COVID-19 and COVID-like Patients: A Brief Analysis and Findings of Two Deceased Cases
Author(s) -
Giosuè Mario Balzanelli,
Pietro Distratis,
Sergey K. Aityan,
Felice Amatulli,
Orazio Catucci,
Angelo Cefalo,
Gianna Dipalma,
Francesco Inchingolo,
Rita Lazzaro,
Kieu Cao Diem Nguyen,
Davide Palazzo,
Van Pham Hung,
Diego Tomassone,
Toai Tran Cong,
Ciro Gargiulo Isacco
Publication year - 2020
Publication title -
open access macedonian journal of medical sciences
Language(s) - English
Resource type - Journals
SCImago Journal Rank - 0.288
H-Index - 17
ISSN - 1857-9655
DOI - 10.3889/oamjms.2020.5480
Subject(s) - medicine , covid-19 , pathology , lung , coronavirus , respiratory system , coagulopathy , disease , infectious disease (medical specialty)

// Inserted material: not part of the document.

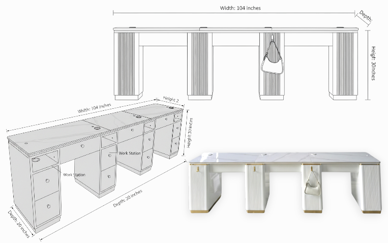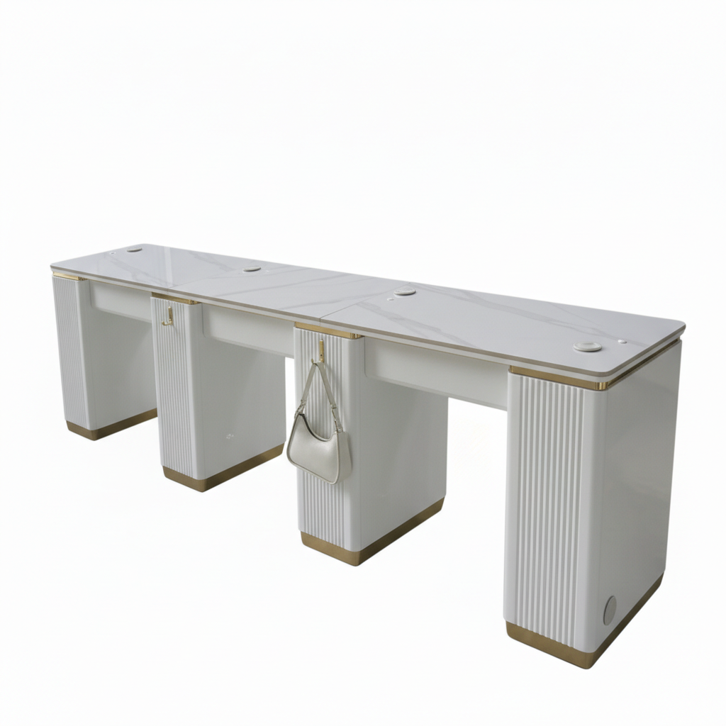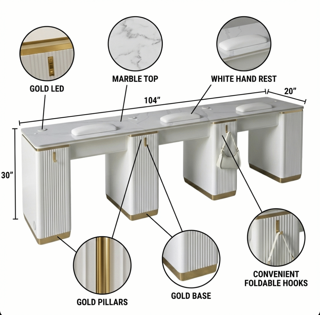 Triple White Gold Manicure Tables are built to support side-by-side manicure services in a clean, organized format. Whether serving pairs or managing higher client flow, these configurations help salons scale capacity while maintaining visual order.

BACKGROUND: The predominant pattern of lung lesions in patients affected by coronavirus disease (COVID-19) disease is diffuse alveolar damage with massive thromboembolism similar as described in patients infected with severe acute respiratory syndrome coronavirus and Middle East respiratory syndrome coronaviruses. Hyaline membrane formation and pneumocyte atypical hyperplasia were frequent. Importantly, the formation of platelet–fibrin thrombi in small vessels was seen consistent with coagulopathy, which appeared to be a common feature in patients who died of COVID-19. However, many were the cases found with similar COVID-19 symptomatology though negative results from nasal-pharyngeal swab performed by reverse transcription-polymerase chain reaction (RT-PCR). This latter typology of patients, otherwise named COVID-like, showed analogous clinical signs with similar arterial blood gas, cell blood count and laboratory parameters, and same computed tomography (CT)-scan ground-glass opacities. Symptoms such as cough, fever, and difficulty breathing were highly similar as well. Both forms, COVID-19 and COVID-like, are primarily respiratory with multi-organ involvement and both revealed comparable incubation periods often with a rapid onset and unexpected decay.
CASE REPORT: In this brief paper, we described two cases regarding two deceased males, one confirmed COVID-19 (RT-PCR but not CT scan) and the second a COVID-like (negative for RT-PCR but positive to CT scan with ground-glass opacity) whom condition, disease patterns, and analysis were highly similar.
CONCLUSION: Improved investigation is mandatory, in which RT-PCR and CT scan procedures are completed by data from more detailed laboratory analysis, ABG analysis, BALF, and a deeper clinical assessment.